• [Required work]: If pictures appear in the lines below, skip them and copy exactly the lines from the one containing "- Main-level master with fireplace, tub" through the one containing "VECELO Metal Bed", and nothing else.

Data items
Start of Block
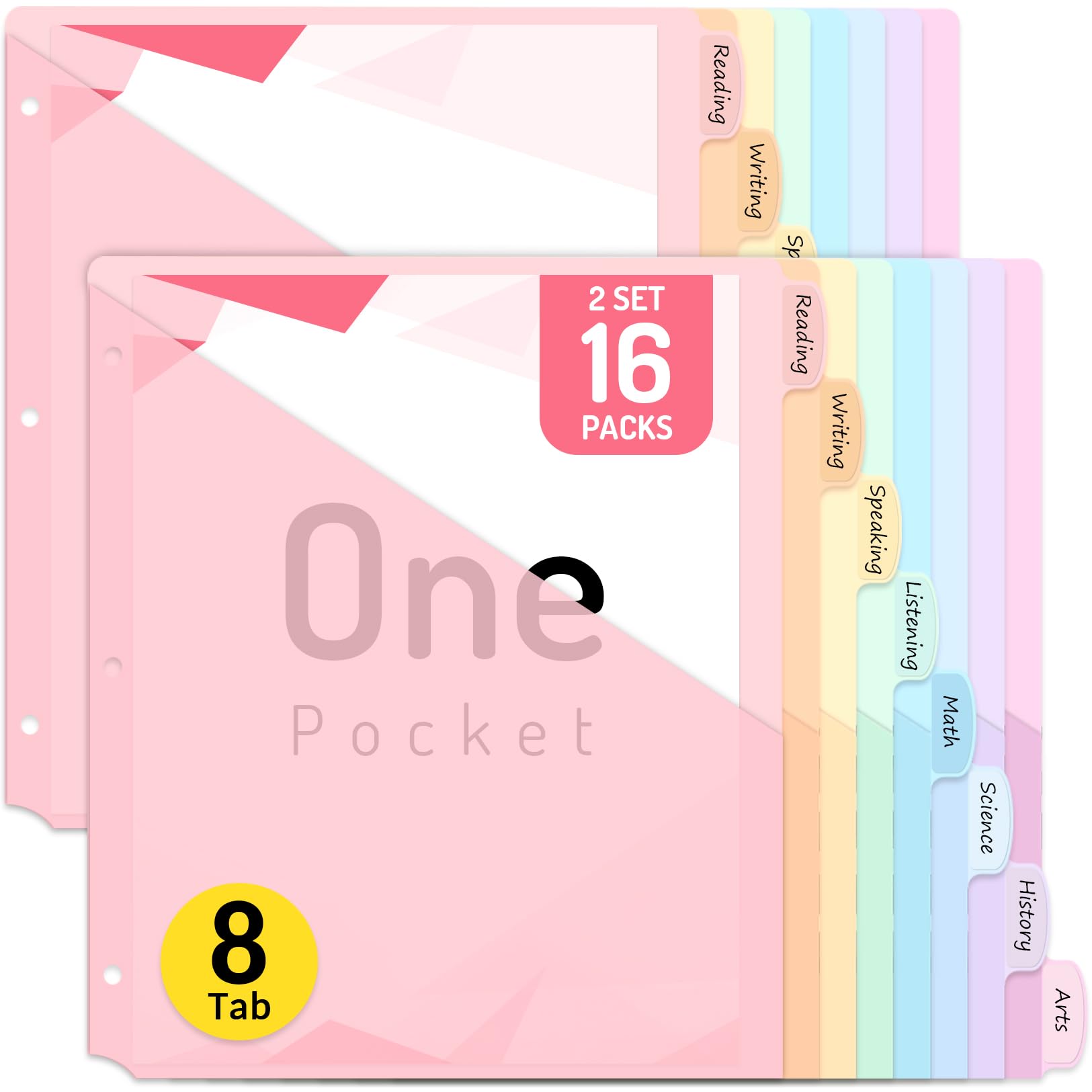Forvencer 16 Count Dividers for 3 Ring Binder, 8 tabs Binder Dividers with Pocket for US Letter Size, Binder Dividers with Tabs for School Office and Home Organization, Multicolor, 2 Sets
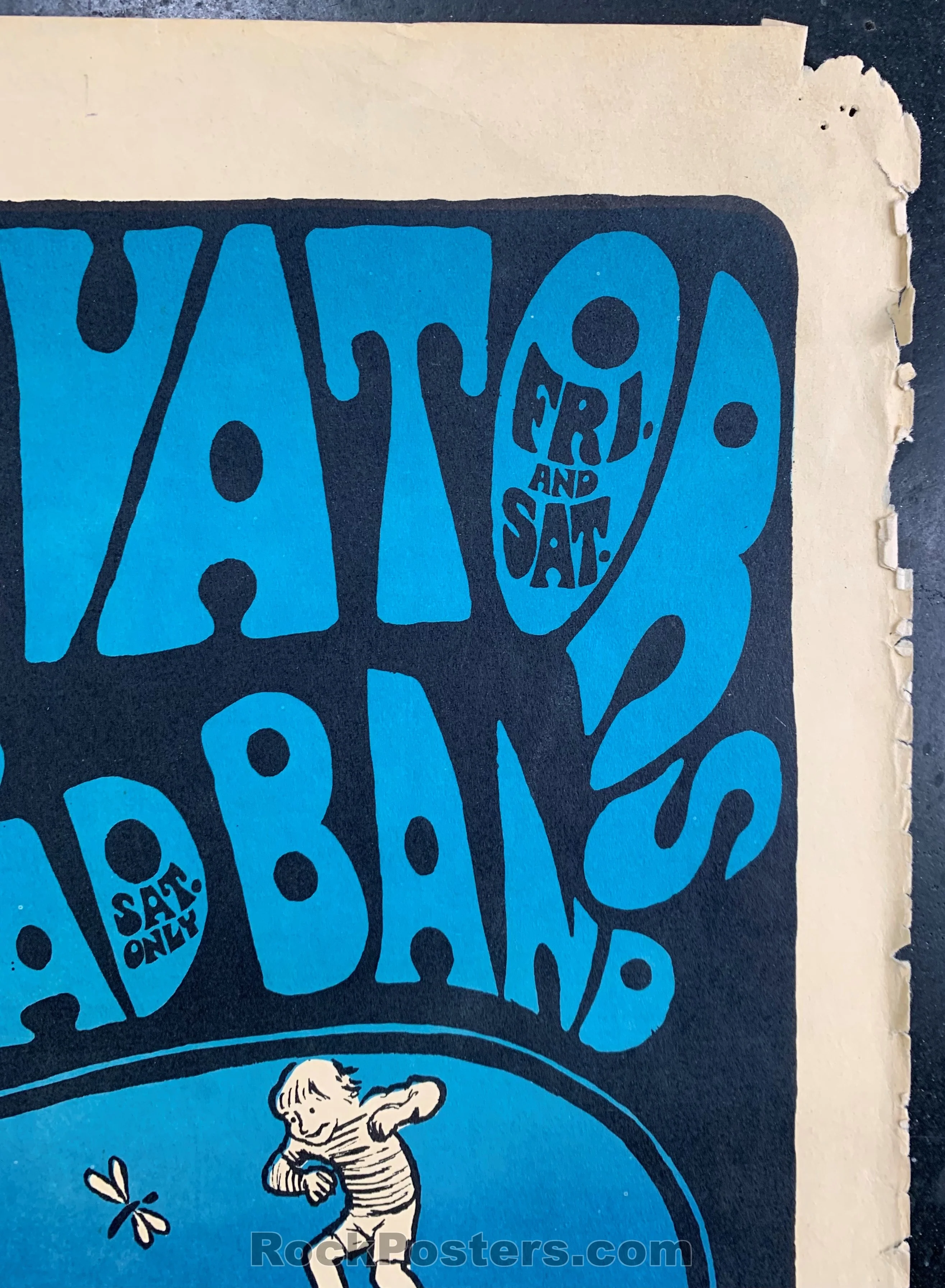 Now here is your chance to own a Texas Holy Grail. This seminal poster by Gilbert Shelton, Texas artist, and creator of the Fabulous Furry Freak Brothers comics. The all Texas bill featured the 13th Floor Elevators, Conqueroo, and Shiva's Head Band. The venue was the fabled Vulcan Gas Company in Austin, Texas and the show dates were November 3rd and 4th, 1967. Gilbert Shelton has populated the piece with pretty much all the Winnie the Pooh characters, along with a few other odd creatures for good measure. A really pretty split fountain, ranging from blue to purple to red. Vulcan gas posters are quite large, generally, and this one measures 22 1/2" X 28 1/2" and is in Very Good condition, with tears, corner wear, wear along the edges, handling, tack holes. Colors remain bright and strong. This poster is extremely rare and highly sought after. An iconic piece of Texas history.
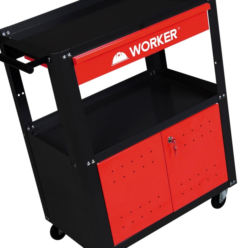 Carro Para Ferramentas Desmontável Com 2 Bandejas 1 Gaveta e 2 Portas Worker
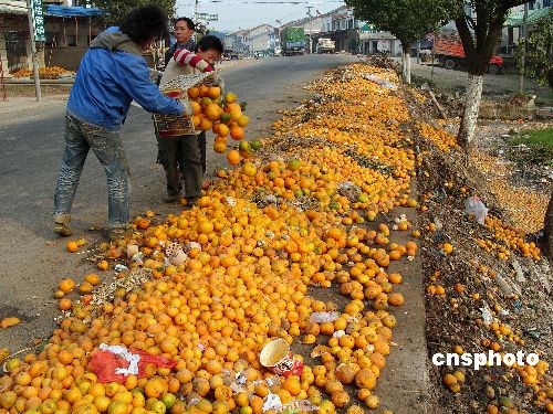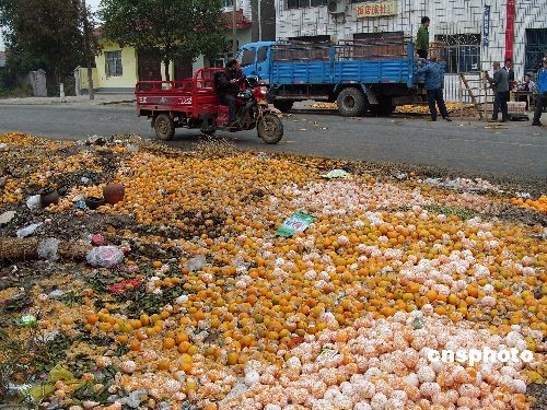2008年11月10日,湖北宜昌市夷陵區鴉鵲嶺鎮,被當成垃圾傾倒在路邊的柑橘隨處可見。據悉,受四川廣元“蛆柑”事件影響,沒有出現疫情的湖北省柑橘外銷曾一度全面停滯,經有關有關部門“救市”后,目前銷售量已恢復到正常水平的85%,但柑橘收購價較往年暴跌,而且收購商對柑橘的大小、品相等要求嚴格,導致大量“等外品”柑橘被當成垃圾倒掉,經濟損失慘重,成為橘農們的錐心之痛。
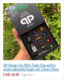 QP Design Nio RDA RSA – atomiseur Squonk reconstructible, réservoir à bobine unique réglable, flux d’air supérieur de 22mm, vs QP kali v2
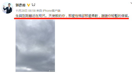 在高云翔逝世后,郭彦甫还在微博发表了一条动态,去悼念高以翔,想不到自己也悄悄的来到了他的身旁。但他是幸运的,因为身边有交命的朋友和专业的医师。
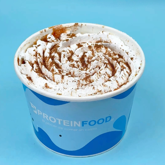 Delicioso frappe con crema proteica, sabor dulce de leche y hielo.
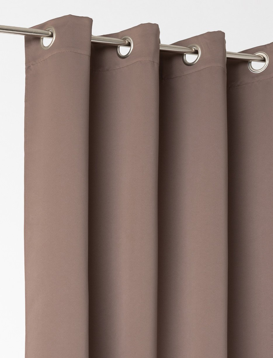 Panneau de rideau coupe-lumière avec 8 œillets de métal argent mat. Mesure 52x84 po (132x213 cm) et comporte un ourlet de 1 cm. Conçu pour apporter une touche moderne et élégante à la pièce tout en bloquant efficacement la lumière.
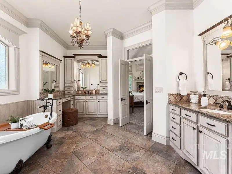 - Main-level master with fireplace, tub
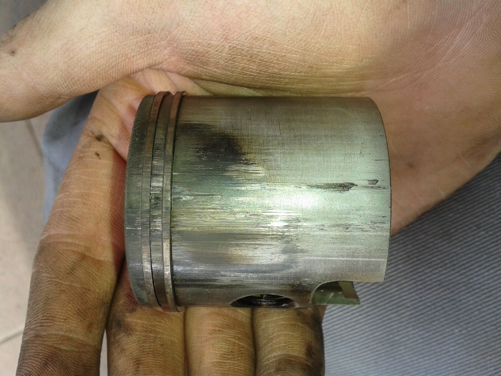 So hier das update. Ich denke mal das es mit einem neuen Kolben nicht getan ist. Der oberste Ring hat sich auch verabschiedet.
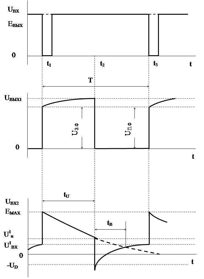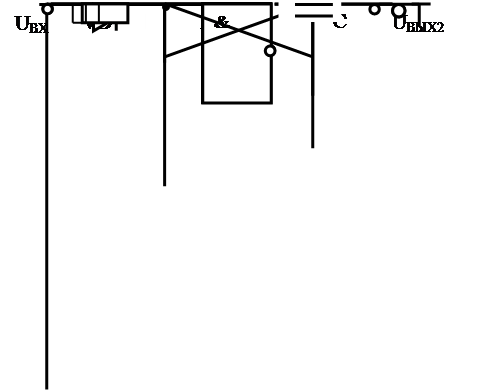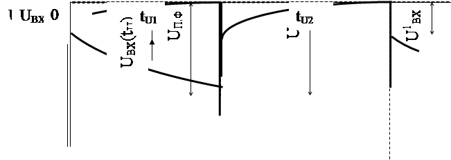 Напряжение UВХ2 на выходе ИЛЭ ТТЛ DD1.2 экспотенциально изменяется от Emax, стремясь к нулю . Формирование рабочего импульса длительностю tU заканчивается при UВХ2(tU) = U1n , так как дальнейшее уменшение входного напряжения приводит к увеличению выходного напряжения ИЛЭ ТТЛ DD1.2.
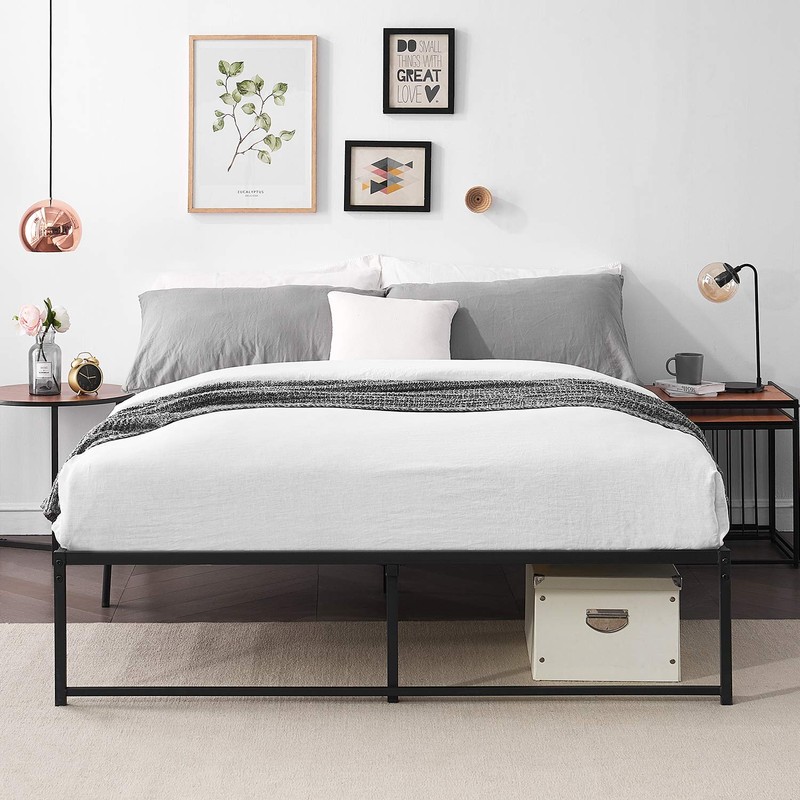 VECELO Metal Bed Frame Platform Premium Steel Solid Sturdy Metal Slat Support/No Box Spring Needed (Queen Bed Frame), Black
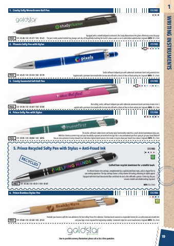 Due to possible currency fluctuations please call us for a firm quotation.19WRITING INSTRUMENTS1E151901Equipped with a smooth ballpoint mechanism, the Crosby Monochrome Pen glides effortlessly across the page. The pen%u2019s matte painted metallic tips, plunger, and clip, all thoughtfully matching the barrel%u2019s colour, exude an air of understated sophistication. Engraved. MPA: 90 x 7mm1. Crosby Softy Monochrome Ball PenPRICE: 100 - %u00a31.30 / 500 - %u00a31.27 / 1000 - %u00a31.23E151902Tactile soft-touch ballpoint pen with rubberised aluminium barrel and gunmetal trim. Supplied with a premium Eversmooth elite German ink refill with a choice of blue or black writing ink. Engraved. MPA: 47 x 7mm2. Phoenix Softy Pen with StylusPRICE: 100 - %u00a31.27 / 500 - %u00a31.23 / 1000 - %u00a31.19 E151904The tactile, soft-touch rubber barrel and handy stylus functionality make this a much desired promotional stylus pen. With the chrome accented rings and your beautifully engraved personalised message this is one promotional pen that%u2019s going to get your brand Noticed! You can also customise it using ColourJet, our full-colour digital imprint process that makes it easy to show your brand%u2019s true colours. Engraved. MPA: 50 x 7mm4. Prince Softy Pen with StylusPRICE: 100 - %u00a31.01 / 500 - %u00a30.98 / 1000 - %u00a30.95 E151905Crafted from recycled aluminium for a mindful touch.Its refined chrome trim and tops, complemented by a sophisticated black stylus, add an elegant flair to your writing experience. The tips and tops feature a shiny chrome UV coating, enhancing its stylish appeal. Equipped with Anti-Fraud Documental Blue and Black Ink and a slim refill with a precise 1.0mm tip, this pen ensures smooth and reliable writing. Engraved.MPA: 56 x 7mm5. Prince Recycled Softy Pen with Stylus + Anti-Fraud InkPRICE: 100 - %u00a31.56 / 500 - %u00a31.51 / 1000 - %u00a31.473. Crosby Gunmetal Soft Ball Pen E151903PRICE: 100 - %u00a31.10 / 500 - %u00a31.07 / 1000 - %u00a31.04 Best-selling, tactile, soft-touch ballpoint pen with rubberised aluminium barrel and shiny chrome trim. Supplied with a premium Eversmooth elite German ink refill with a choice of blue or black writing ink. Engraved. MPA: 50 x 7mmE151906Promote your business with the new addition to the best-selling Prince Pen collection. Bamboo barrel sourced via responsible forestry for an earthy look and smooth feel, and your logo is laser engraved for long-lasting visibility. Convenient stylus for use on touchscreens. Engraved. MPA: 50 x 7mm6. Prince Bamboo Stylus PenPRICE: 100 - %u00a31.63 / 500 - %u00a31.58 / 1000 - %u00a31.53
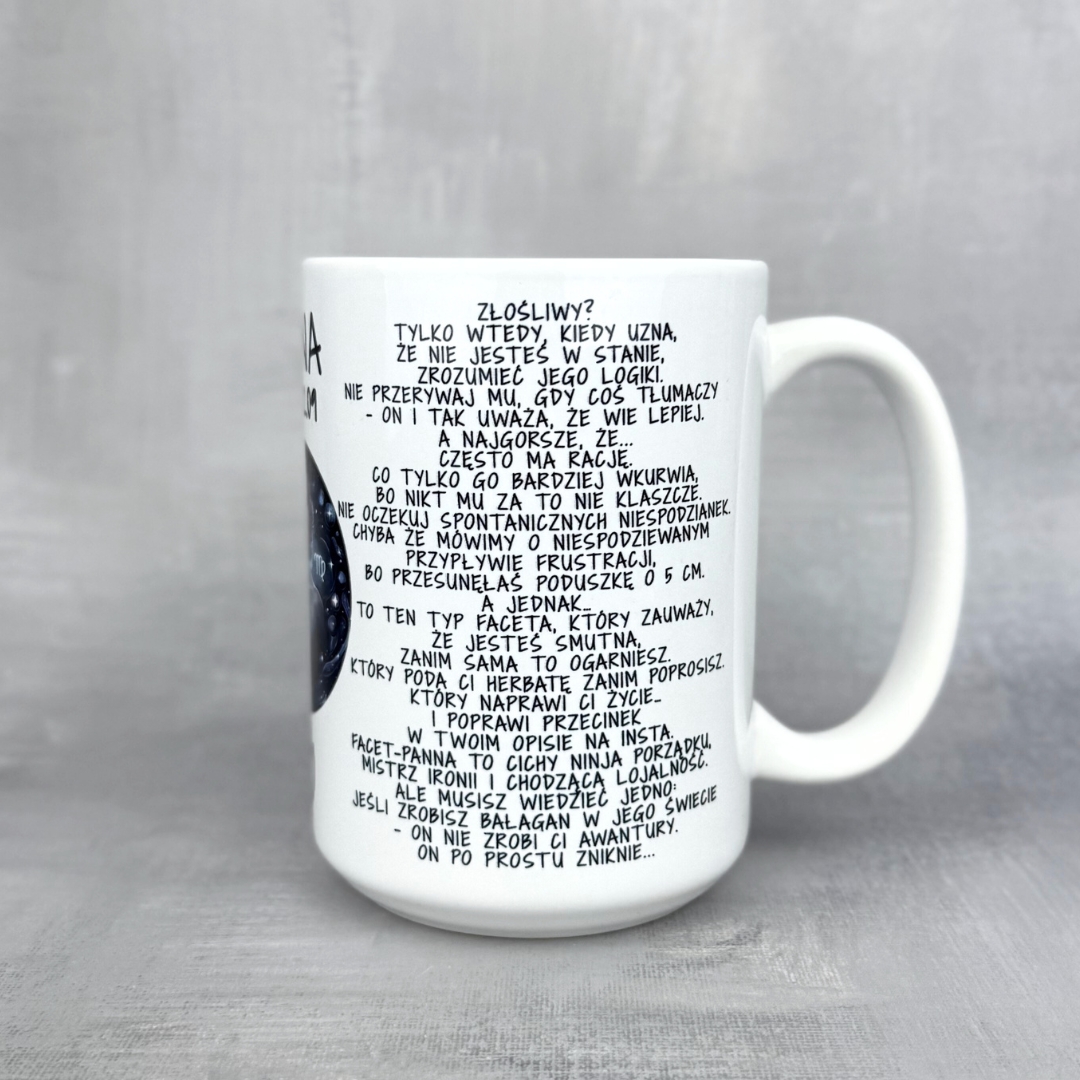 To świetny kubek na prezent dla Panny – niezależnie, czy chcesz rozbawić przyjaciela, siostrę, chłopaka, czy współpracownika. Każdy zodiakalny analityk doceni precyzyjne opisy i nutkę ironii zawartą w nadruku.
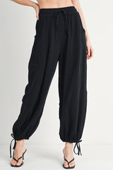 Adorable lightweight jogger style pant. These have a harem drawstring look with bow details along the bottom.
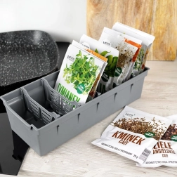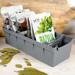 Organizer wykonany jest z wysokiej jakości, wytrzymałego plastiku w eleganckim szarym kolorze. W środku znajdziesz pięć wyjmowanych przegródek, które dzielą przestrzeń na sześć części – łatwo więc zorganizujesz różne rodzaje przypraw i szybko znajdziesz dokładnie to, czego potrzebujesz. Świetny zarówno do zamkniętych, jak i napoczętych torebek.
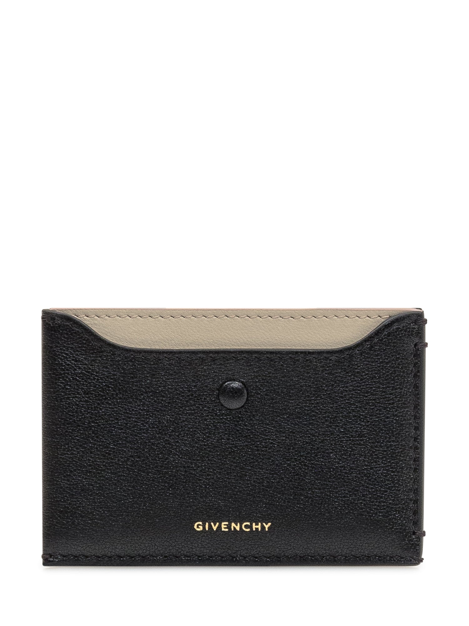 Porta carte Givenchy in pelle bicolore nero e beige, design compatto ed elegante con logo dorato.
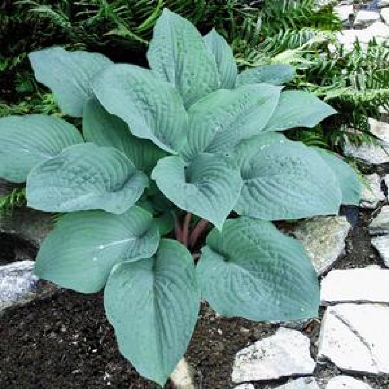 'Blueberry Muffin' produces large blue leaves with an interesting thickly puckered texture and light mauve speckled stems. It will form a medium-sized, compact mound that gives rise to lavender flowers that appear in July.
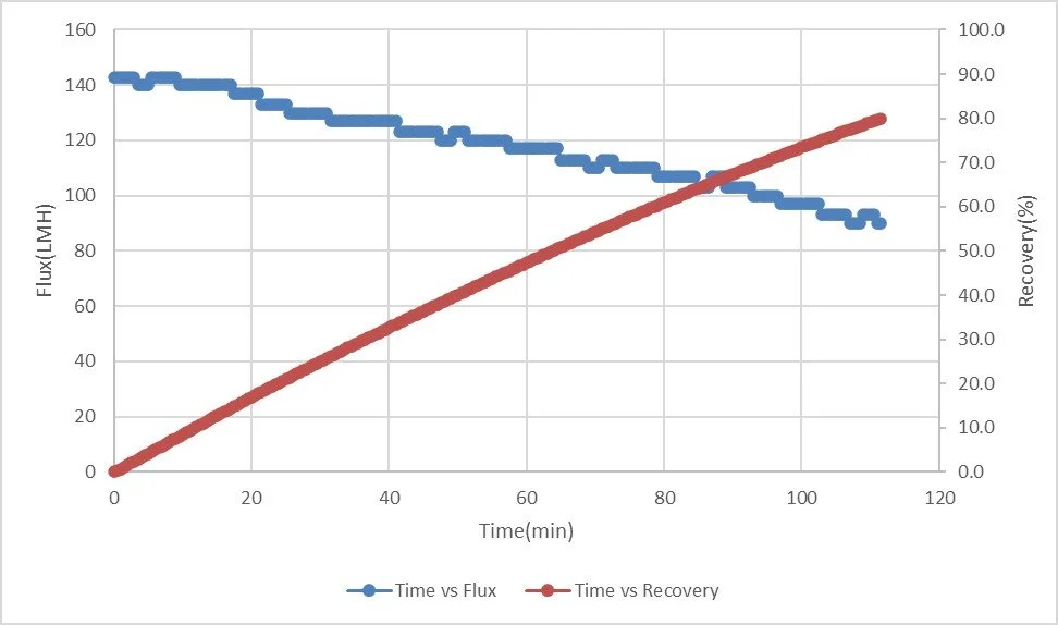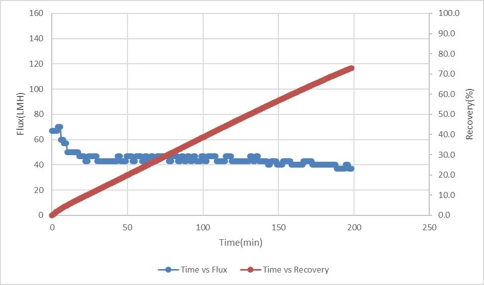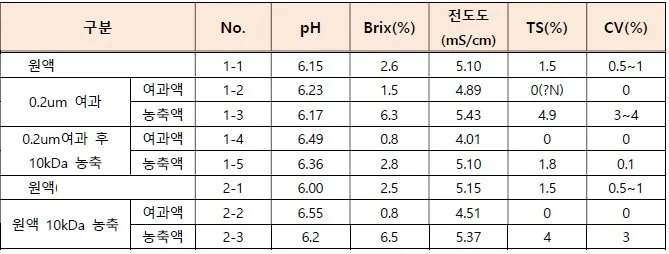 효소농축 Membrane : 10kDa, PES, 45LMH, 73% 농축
End of Block
• [Completed task]:
 - Main-level master with fireplace, tub
 So hier das update. Ich denke mal das es mit einem neuen Kolben nicht getan ist. Der oberste Ring hat sich auch verabschiedet.
 Напряжение UВХ2 на выходе ИЛЭ ТТЛ DD1.2 экспотенциально изменяется от Emax, стремясь к нулю . Формирование рабочего импульса длительностю tU заканчивается при UВХ2(tU) = U1n , так как дальнейшее уменшение входного напряжения приводит к увеличению выходного напряжения ИЛЭ ТТЛ DD1.2.
 VECELO Metal Bed Frame Platform Premium Steel Solid Sturdy Metal Slat Support/No Box Spring Needed (Queen Bed Frame), Black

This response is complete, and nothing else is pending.